Among the lines below, copy exactly those from the one with "For visitors, the" through the one with "Emergency Sign and Emergency Light", counting both ends.

......

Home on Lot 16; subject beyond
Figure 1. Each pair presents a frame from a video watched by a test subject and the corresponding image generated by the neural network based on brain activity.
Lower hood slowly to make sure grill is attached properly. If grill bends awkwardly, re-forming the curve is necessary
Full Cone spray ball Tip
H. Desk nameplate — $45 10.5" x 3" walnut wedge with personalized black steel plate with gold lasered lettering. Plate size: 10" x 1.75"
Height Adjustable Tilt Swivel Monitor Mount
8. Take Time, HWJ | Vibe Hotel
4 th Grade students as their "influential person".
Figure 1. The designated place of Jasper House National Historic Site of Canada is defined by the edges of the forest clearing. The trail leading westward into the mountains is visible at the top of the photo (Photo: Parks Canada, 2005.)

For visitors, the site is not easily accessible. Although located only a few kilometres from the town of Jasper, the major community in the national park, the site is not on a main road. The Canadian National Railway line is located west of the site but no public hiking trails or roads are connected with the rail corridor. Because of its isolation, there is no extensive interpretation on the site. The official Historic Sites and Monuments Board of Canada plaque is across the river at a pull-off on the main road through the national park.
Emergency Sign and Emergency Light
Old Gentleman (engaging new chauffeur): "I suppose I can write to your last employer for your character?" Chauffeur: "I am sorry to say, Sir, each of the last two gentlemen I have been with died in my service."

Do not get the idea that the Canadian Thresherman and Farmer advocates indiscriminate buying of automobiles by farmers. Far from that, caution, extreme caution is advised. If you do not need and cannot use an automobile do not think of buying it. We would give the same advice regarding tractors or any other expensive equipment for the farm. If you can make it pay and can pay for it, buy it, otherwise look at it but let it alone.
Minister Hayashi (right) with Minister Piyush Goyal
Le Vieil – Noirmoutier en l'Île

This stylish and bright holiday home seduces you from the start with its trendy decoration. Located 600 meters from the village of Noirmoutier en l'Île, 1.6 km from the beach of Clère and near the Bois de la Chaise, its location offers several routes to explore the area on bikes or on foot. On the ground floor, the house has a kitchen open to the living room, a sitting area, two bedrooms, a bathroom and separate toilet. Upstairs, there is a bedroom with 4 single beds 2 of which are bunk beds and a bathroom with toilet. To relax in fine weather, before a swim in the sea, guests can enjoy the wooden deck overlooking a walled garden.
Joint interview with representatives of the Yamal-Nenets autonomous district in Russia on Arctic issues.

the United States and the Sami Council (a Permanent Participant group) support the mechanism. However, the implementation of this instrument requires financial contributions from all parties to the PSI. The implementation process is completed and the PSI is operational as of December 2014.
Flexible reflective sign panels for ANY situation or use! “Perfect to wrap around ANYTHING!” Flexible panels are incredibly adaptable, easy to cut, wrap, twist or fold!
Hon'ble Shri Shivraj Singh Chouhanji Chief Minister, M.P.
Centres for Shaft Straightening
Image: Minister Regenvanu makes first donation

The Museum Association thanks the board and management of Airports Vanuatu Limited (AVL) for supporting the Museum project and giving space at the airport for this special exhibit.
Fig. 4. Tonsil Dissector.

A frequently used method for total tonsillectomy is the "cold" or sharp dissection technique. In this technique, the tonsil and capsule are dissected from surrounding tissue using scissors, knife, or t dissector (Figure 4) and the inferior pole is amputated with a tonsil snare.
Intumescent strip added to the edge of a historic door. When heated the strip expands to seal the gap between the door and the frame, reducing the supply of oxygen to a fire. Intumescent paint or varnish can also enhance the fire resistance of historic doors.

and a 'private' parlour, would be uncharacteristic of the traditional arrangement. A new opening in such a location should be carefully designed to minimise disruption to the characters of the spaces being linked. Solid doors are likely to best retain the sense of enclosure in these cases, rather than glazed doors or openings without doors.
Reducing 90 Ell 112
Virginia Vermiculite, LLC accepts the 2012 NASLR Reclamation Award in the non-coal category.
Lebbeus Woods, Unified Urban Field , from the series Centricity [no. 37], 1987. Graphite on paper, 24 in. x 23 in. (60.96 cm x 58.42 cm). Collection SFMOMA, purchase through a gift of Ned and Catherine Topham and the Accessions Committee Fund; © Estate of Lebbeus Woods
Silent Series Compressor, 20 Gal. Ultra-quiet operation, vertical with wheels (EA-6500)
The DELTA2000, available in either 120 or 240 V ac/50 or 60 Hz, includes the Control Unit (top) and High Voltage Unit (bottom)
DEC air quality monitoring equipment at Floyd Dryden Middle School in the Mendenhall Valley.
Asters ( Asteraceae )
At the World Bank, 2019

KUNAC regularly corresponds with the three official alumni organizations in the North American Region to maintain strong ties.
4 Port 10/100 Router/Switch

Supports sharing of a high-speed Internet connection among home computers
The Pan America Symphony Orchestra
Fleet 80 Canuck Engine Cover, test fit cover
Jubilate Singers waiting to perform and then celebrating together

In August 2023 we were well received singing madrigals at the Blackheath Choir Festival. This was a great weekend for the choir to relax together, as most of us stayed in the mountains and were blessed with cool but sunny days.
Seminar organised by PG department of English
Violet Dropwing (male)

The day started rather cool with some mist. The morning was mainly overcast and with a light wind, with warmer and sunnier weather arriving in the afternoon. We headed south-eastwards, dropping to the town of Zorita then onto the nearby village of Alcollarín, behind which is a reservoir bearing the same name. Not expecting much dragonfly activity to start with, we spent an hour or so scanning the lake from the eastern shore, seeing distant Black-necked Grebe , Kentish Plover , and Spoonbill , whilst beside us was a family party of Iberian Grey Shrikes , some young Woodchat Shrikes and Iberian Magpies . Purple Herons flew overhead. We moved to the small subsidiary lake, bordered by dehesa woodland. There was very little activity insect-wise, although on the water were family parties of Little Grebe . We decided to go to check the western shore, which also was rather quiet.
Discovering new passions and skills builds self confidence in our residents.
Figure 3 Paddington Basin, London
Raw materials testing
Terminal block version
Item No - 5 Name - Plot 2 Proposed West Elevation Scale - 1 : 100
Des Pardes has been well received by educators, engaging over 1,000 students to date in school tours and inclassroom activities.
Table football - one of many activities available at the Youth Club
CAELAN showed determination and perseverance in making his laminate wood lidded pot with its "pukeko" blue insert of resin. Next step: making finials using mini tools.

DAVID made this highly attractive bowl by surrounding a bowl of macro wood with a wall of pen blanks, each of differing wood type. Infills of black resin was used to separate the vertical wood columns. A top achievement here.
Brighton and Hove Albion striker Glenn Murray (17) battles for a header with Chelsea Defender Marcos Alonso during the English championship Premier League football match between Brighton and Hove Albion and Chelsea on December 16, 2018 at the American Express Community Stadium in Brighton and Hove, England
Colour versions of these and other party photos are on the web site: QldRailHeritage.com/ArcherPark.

......

- [Task result]
For visitors, the site is not easily accessible. Although located only a few kilometres from the town of Jasper, the major community in the national park, the site is not on a main road. The Canadian National Railway line is located west of the site but no public hiking trails or roads are connected with the rail corridor. Because of its isolation, there is no extensive interpretation on the site. The official Historic Sites and Monuments Board of Canada plaque is across the river at a pull-off on the main road through the national park.
Emergency Sign and Emergency Light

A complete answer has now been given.